4 Type of clinical condition/disease state

5 Randomization Procedures: Comment if the study is blinded, unblinded, double-blind etc., and describe the randomization strategy.

6 Clinical Update:

  • Experience in human subjects
  • Available preliminary clinical trial(s) data
  • Placebo Group?
  • Clinical Endpoints (primary, secondary, surrogate etc.)

7 Description of inclusion / exclusion criteria

8 Dosing:

  • Single Dose vs. Dose-ranging
  • Method of drug administration (e.g. oral, continuous or intermittent i.v. infusion, rectal, etc.)
  • Duration of drug administration (hours, days)?
  • Describe method of dealing with placebo group

9 Description of main side effect profile:

  • What are the serious adverse events (SAEs)?
  • What are the requirements for side effect monitoring (i.e. laboratory interventions: blood test(s) imaging, bioassay(s), etc.)?
  • If laboratory interventions, how will this affect the patient (e.g. frequency of tests, number of needle punctures etc.)

10 Initial Assessments:

  • History and Physical
  • Clinical Scales (e.g. International Prostate Symptom Score, Sexual Function Inventory Questionaire)
  • Objective Functional Assessments (Flow, PVR, etc.)
  • Diagnostic Maneuvers (Cystoscopy)
  • Imaging
  • Labs

11 Outcome Measures:

  • What? When? How often are evaluations performed?
  • Clinical scales
  • Clinical recurrence/survival
  • Imaging
  • Quality of Life Assessments

12 Describe the rationale for determining how the study is to be powered and related parameters necessary to achieve statistical significance.

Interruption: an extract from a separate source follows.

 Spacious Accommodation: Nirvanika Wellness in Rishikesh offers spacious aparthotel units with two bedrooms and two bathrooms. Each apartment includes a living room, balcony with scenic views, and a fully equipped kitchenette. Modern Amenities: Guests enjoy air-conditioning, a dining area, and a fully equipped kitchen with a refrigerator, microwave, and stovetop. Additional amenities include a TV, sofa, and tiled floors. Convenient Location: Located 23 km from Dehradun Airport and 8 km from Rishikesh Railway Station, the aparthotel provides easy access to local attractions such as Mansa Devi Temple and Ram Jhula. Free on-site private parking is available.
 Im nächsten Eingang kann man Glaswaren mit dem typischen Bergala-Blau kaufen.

13 what regulatory approvals (tpp/ fda) are needed? Are pending? Describe time line to meet regulatory approvals.

14 Safety Monitoring:
Describe Method of Safety Monitoring (composition of DSMB, internal vs. external DSMB)

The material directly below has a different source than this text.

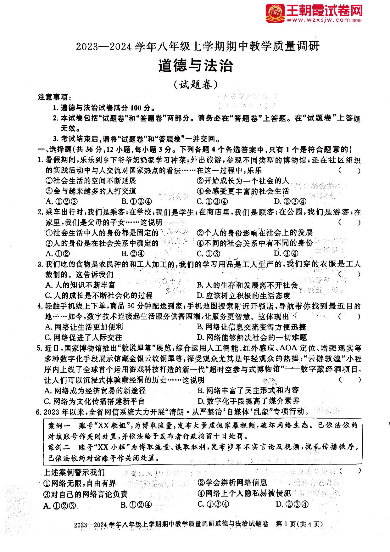 安徽省六安市霍邱县2023-2024学年上学期期中教学质量调研八年级道德与法治(人教版)
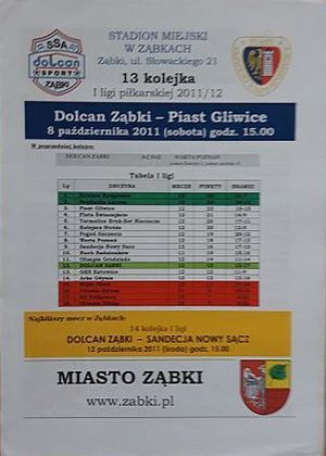 Dolcan Ząbki - Piast Gliwice I liga official programme (08.10.2011)

15 Ethical Considerations?
Are there any known ethical consideration or anticipated barriers in obtaining local IRB approval?

16 Stopping Rules

17 Are there any proposed Add-On Studies as follows (if so will additional funding be provided)?

  • Pharmaco-economic
  • Open Label
  • Compassionate Use
  • Post-Marketing Surveillance
  • Pediatric
  • Other

18 Mandatory Site Requirements:
Describe any mandatory site requirements (i.e. specialized diagnostic equipment and specialized medical services) that are unique to this protocol.

19 Funding:

  • Is there a proposed study Budget?
  • Has the per patient cost been identified?
  • All Consortium sites will receive the same per case funding and overall study budget.
  • All Consortia investigators will receive individual clinical trial payments either directly from Sponsor or c/o the Consortium. The Consortium will work with the Sponsor to determine the optimal study budget. In addition to the per patient cost, the study budget must allow for pass through start-up fees, and a fixed administrative institutional/professional overhead

20 Disclosure of Study Results:
The Consortium acknowledges that all study data, in the context of the clinical trial or project, is owned by the Sponsor, but strongly recommends that, any study results, regardless of positive or negative outcome, be made available to the public. Ideally Sponsor should at their discretion agree to select an appropriate medium to disclose study results, including but not limited to, investigator meetings, published abstracts, journal articles, oral or poster presentation(s), press-release.

21 Clinical Trial Committee Membership:
Will there be an opportunity for CUOG representative(s) to join any pre-existing or proposed committees or serve in the following capacity?:

  • Steering Committee
  • DSMB
  • Clinical Trial Consultant – Liaison
  • Canadian Principal Investigator

CUOG requests that the Sponsor submit a written Response to the Assessment Report. CUOG then distributes a copy of both CUOG Assessment Report and Sponsor’s Response to all members of the Consortium informing them of the content and status of the given project or trial.

A positive outcome of the Assessment Report and Company Response will likely result in a Call for Sites (clinical trial participation) which is centrally dispatched by CUOG Headquarters.